Шрифт:
Интервал:
Закладка:
Лояльность масс невозможно было приобрести, не проводя дорогостоящую социальную политику, которая могла уменьшить прибыли предпринимателей — а ведь от них зависела экономика. Как мы уже говорили, считалось, что империализм не только сможет оплатить социальные реформы, но также завоюет популярность. Оказалось, что война, или хотя бы перспектива успешной войны, имела еще больший демагогический потенциал. Британское консервативное правительство использовало Южноафриканскую войну 1899–1902 годов, чтобы смести прочь своих либеральных оппонентов во время выборов 1900 года, названных «выборами в военной форме»; а американский империализм успешно использовал популярность победоносной войны, нанеся поражение Испании в 1898 году. Правящая элита США, возглавлявшаяся Теодором Рузвельтом (1838–1919, президент — с 1901 по 1909 год), как раз открыла новый символ Америки — ковбоя с револьвером, олицетворявшего настоящего патриота, верного свободе и традициям белых поселенцев, противостоявшего ордам деклассированных иммигрантов и разлагающему влиянию больших городов. С тех пор этот символ эксплуатируется и поныне.
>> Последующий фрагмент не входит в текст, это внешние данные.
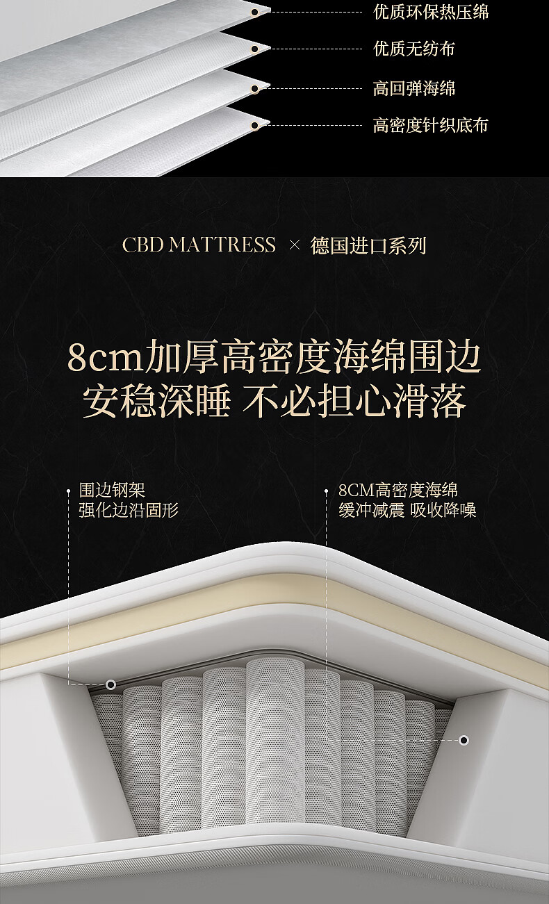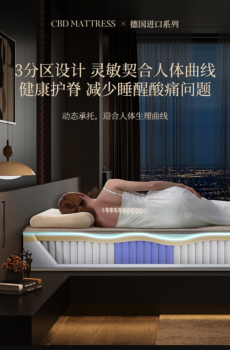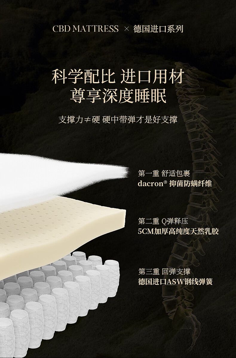 CBD家居德国ASW进口三区弹簧5cm乳胶床垫释压深睡1.8*2米 X9床垫 大哈欠床垫 1800*2000

Впрочем, вопрос стоял гораздо шире, а именно: смогут ли правящие режимы государств и правящие классы обрести новую легитимность во мнении народных масс, мобилизованных демократией. В тот период истории было сделано немало попыток найти ответ на этот вопрос. Задача стала актуальной, потому что древние механизмы социальной субординации часто оказывались совсем негодными. Так, германские консерваторы, являвшиеся партией, покровительствовавшей крупным землевладельцам и дворянам, потеряли в период 1881–1912 годов половину голосов своих избирателей по той простой причине, что 71 % их электората составляли жители деревень, насчитывавших менее чем по 2000 человек, население которых неуклонно уменьшалось, мигрируя в крупные города, где консерваторы собирали всего 5 % голосов. Верной опорой их оставались лишь юнкеры Померании, где за консерваторов голосовало 50 % всех избирателей, но по всей Пруссии в целом они могли собрать в свою пользу лишь 11–12 % голосов всех избирателей{89}. Еще более острым было положение другого господствовавшего класса — либеральной буржуазии. Она совершила триумфальное восхождение к власти, вызвав социальные потрясения в среде старых иерархий и общин; свела все связи между людьми к простым рыночным отношениям, заменив понятие «общество людей» понятием «торговое общество»; и вот, когда массы вышли на политическую сцену, преследуя свои собственные интересы, они с враждебностью отвернулись от всех ценностей буржуазного либерализма. Это особенно ярко проявилось в Австрии, где к концу столетия либеральные убеждения были приняты лишь среди небольших разрозненных групп немцев и немецких евреев, проживавших в городах и представлявших собой лишь остатки процветающего среднего класса. Муниципалитет Вены, служивший им главной опорой в 1860-х годах, теперь был захвачен радикальными демократами и антисемитами из Христианско-Социальной партии и социал-демократами. Даже в Праге, где это буржуазное ядро могло претендовать на представительство интересов небольшого и сокращавшегося германоговорящего меньшинства (из состава всех классов), составлявшего около 30 000 человек или 7 % населения в 1910 г., — даже там они не смогли сохранить поддержку ни националистически настроенных студентов-немцев, ни мелкой буржуазии, ни социал-демократов, ни политически пассивных немецких рабочих, ни даже части евреев{90}.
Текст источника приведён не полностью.